Neutralizing immune responses induced by oligomeric H5N1-hemagglutinins from plants.

Plant-based transient expression is an alternative platform to produce hemagglutinin-based subunit vaccines. This production system provides not only fast and effective response in the context of a pandemic but also enables the supply of big volume vaccines at low cost. Crude plant extracts containing influenza hemagglutinin are considered to use as vaccine sources because of avoidance of related purification steps resulting in low cost production allowing veterinary applications. Highly immunogenic influenza hemagglutinins are urgently required to meet these pre-conditions. Here, we present a new and innovative way to generate functional H5 oligomers from avian flu hemagglutinin in planta by the specific interaction of S·Tag and S·Protein. A S·Tag was fused to H5 trimers and this construct was transiently co-expressed in planta with S·Protein-TPs which was multimerized by disulfide bonds via cysteine residues in tailpiece sequences (TP) of IgM antibody. Multimerized S·Protein-TPs serve as bridges/molecular docks to combine S·Tag-fused hemagglutinin trimers to form very large hemagglutinin H5 oligomers. H5 oligomers in the plant crude extract were highly active in hemagglutination resulting in high titers. Immunization of mice with two doses of plant crude extracts containing H5 oligomers after storage for 1 week at 4 °C caused strong immune responses and induced neutralizing specific humoral immune responses in mice. These results allow for the development of cheap influenza vaccines for veterinary application in future.

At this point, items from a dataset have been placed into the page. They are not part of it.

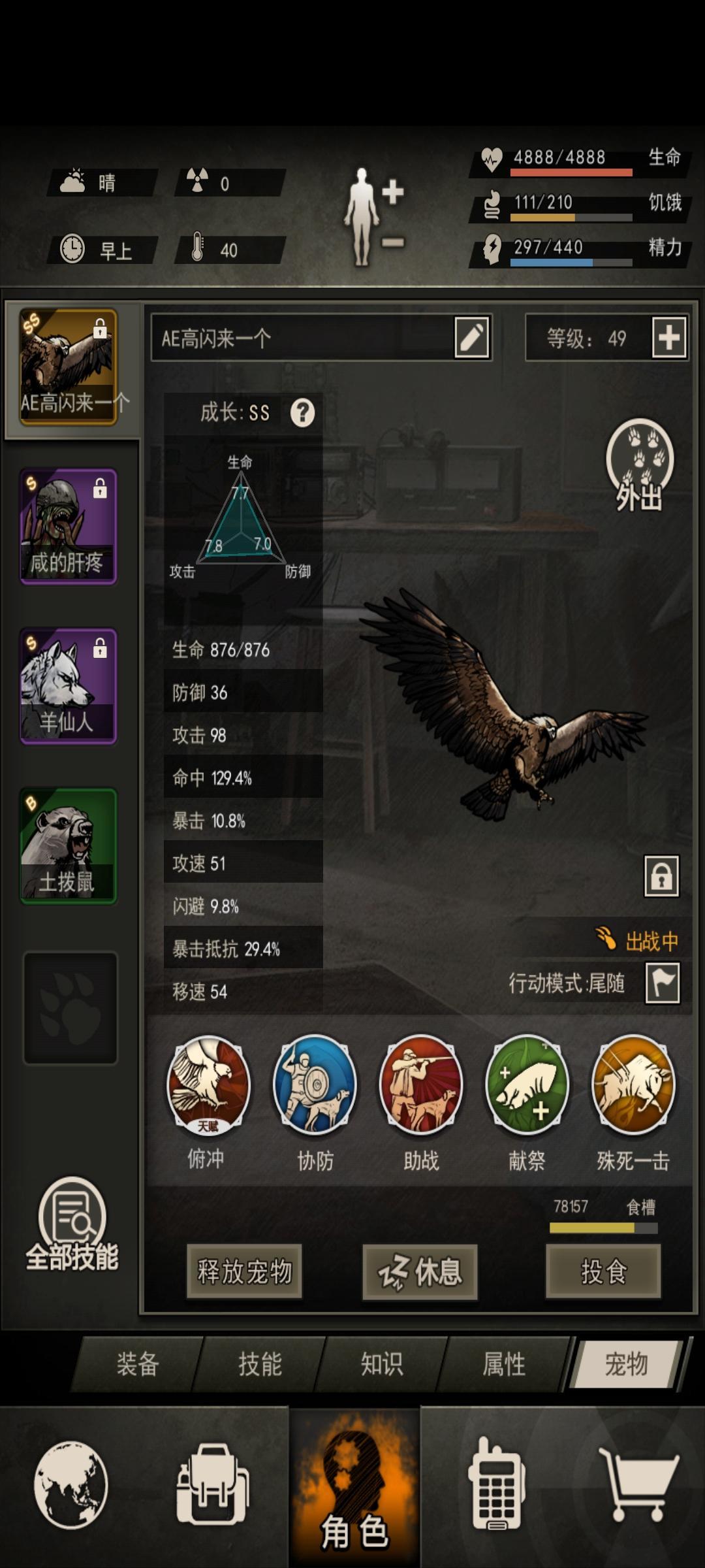 整体属性如下,血量-30暴击-1就是原本的属性,对比步枪的宠物可以说是天差地别了,但是打起来结束时间却是快好多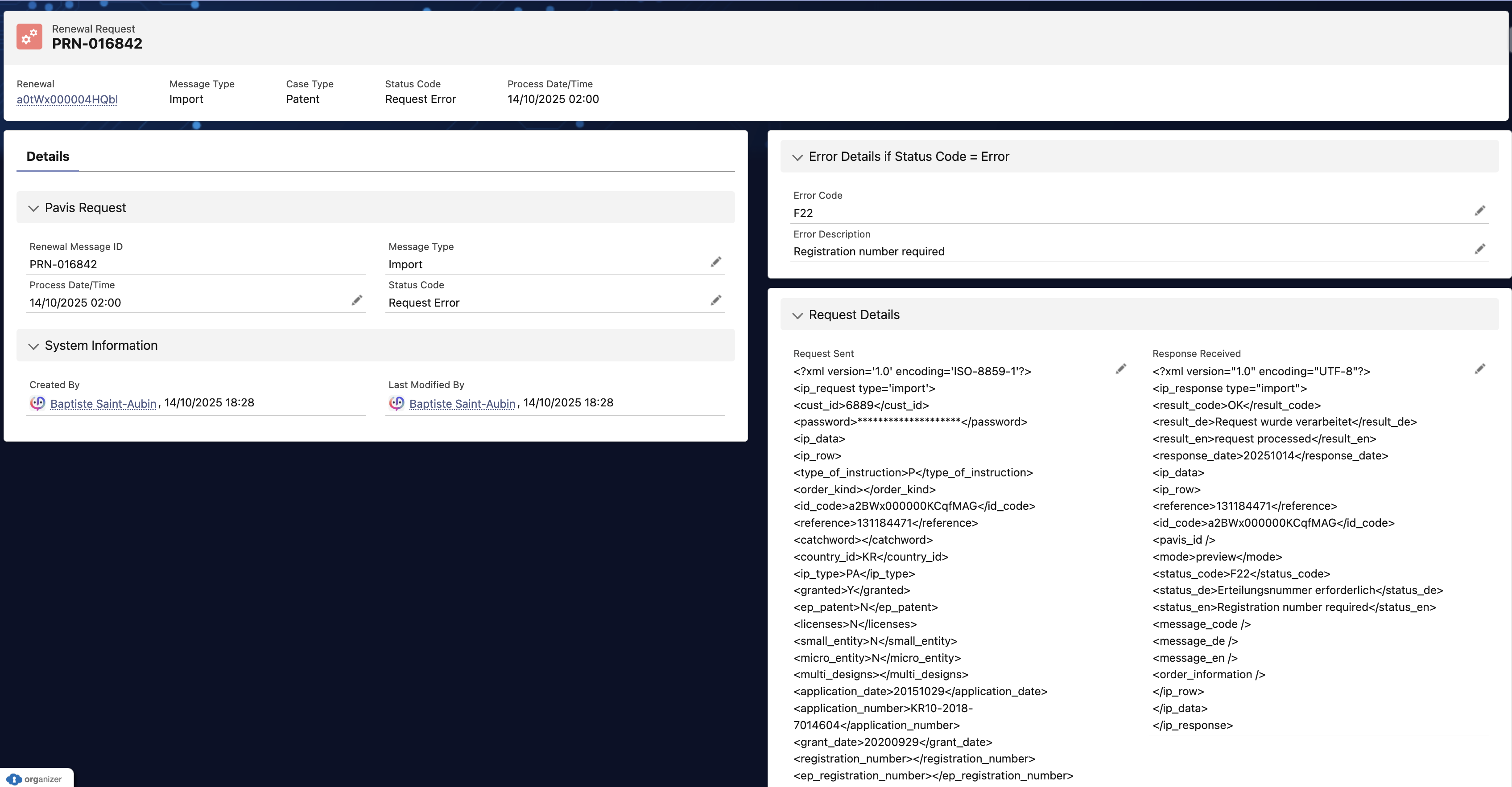 - F,- I,- W,- L→ Request Error / Warning at the IP-right level (see table below with all expected errors). EC+ only updates the rows with OK; if an error is raised, the renewal Status is updated to Pavis Error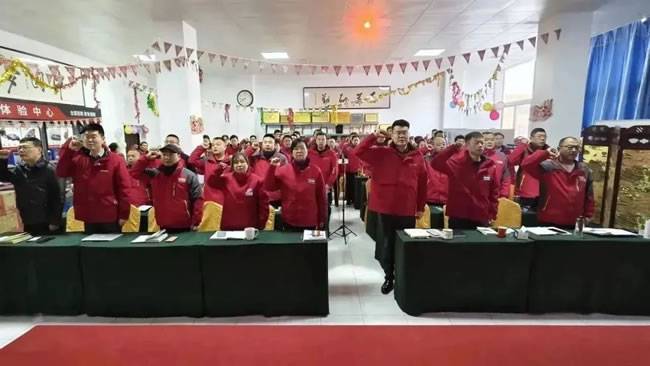 华利中高层及骨干力量参会,会议由全体参会人员诵读企业文化、宣誓、唱华利之歌正式开启。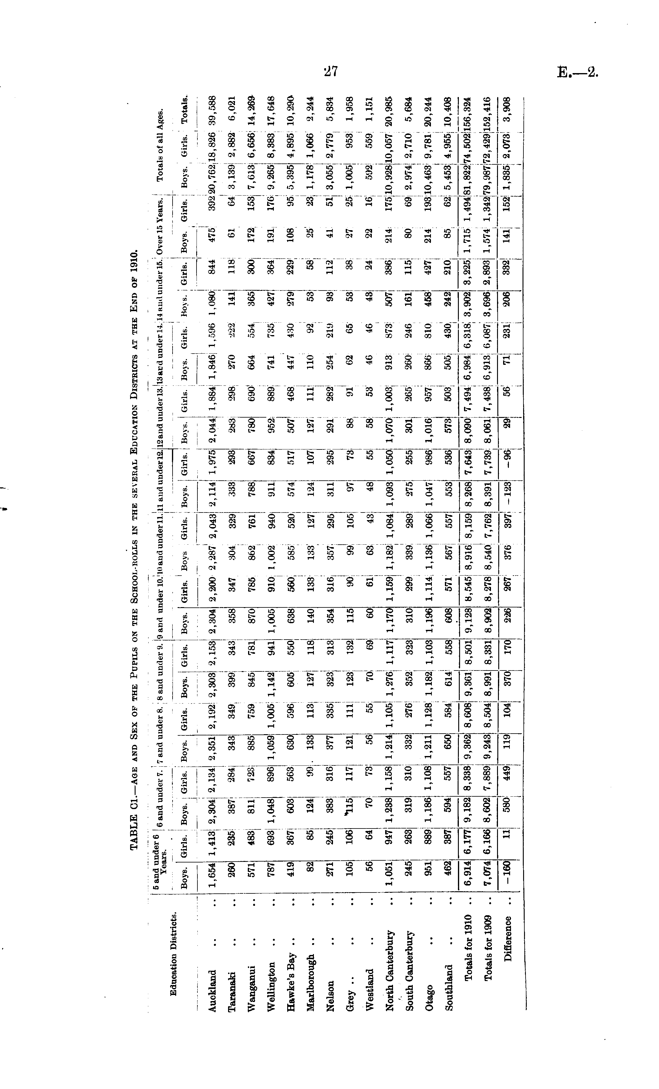 Education Districts. S and ui Yea: inder 6 I. urs. 1 G and under 7. 7 and ui inder 8. 8 and under 9. \ 9 and under 10. in and under 11. 11 andu inder 12. 12 and under 13.ia aid under 14. U and m Girls. Hoys. Girls. Boys. Girls. Boys. 1,975 2,044 1,884 1,846 1,096 1,080: 293 283 298 270 -222 141 667 780 690' 004 554 365 834 952 S89 741 735 427 517 507 468 447 430 279 107 127 111 110 92 53 295 291 282 254 219 93 73 88 91 62 65 53' 55 58 53 46 46 43! 1,050 1,070 1,003 913 873 507; 255 301 265 260: 246 161 986 1,016 957 866 810 458 536 573 503 505 430 242 7,643' 8,090 7,494 6,984 6,318 3,902 7,739 8,061! 7,438 6,913 6,087 3,696. -90 29! 56 7l! 231 206 mderl5. Over 15 Years. Totals of all Ages. : Girls. Boys. Girls. Boys. Girls. Totals. 844 475 39220,76218,826 39,588 118 61 64 3,139 2,882 6,021 300 172 153 7,613 6,656: 14,269 364 191 170 'J,265 ; 8,383 17,648 229 108 95 5,395 4,895 10,290. 58 25 23 1,178 1,066 2,244 112 41 51 3,055 2,779 5,834 38 27 25 1,005 953 1,958 24 22 16 592 559 1,151 386 214 175:10,928Jl0,057 20,985 115 80 69 2,974; 2,710 5,684 127 214 19310,463 9,781 20,244 210 85 62 5,453] 4,955 10,408 3,225! 1,715 1,49481,82274,502:156,324 ! 2,893] 1,574 1,34279,98772,429152,416 332' 141] 152 ! 1,835: 2,073 3,908 1 " Boys. , I _. . Girls. Boys. Girls. Boys. I Girls. Boys. Girls. 2,193 2,303 -2,153 Boys. Gills. Boys Girls. Boys, j Auckland 1,654 l>413 1 2,304 2,134 2,351 387 284j 343 2,304 2,200 2,287 2,043 2,114 Taranaki Wanganui 260 571 235 483 811 728 S85 1 349 399 343 758 845; 781 1,005 1,142 941 358 347 304 329 333 870 785 862 761 788 Wellington Hawke's Bay 787 419 693 I 367 1,048 896 1,059 603; 563 630 124| 99 133 096 605 550] 113; 127 118 335 323 313 111 123 132 55 70 69 j 1,005 910 1,002 940 911 638 560 585 520 574 Marlborough 82 ! 85' 140J 133 133 127 124 Nelson Grey .. 271 105 245: i 106 383 316 377 115 117 121 354 316 357 295 311 115 DO 99 105 97! Westland 56! >j 64, 70 73 56 j 1,238 1,158 1,214 319 310 332 1,186 1,108 1,211 60 61 63 43; 48 North Canterbury 1,051 947| : 1,106 1,276 1,117 ! 276 352 323 1,128 1,182 1,103 1,170 1,159 1,182 1,084 1,093 310 299 339 289 275 South Canterbury 245' i' 263. Otago 951; Lj 889; I 1,196 1,114. 1,136 1,0661 1,047! Southland Totals for 1910 .. Totals for 1909 .. 462; 6,914 7,074 387! \ 6,177i i 6,106 594 557 650 9,182 8,338 9,362 8,602 7,889 9,243 580 4491 119 I 584 614 558 1 8,608 9,361 8,501 i 8,504! 8,991 8,331 i 104| 370 170J 608 571 567 557 553 9,128 8,545 ; 8,916 8,159 8,268 8,902 8,278 8,540 7,762 8,391 2-26 267 376 397' -123 Difference .. -160 1. ) llj

The Encapsulation of Hemagglutinin in Protein Bodies Achieves a Stronger Immune Response in Mice than the Soluble Antigen.

Zein is a water-insoluble polymer from maize seeds that has been widely used to produce carrier particles for the delivery of therapeutic molecules. We encapsulated a recombinant model vaccine antigen in newly formed zein bodies in planta by generating a fusion construct comprising the ectodomain of hemagglutinin subtype 5 and the N-terminal part of γ-zein. The chimeric protein was transiently produced in tobacco leaves, and H5-containing protein bodies (PBs) were used to immunize mice. An immune response was achieved in all mice treated with H5-zein, even at low doses. The fusion to zein markedly enhanced the IgG response compared the soluble H5 control, and the effect was similar to a commercial adjuvant. The co-administration of adjuvants with the H5-zein bodies did not enhance the immune response any further, suggesting that the zein portion itself mediates an adjuvant effect. While the zein portion used to induce protein body formation was only weakly immunogenic, our results indicate that zein-induced PBs are promising production and delivery vehicles for subunit vaccines.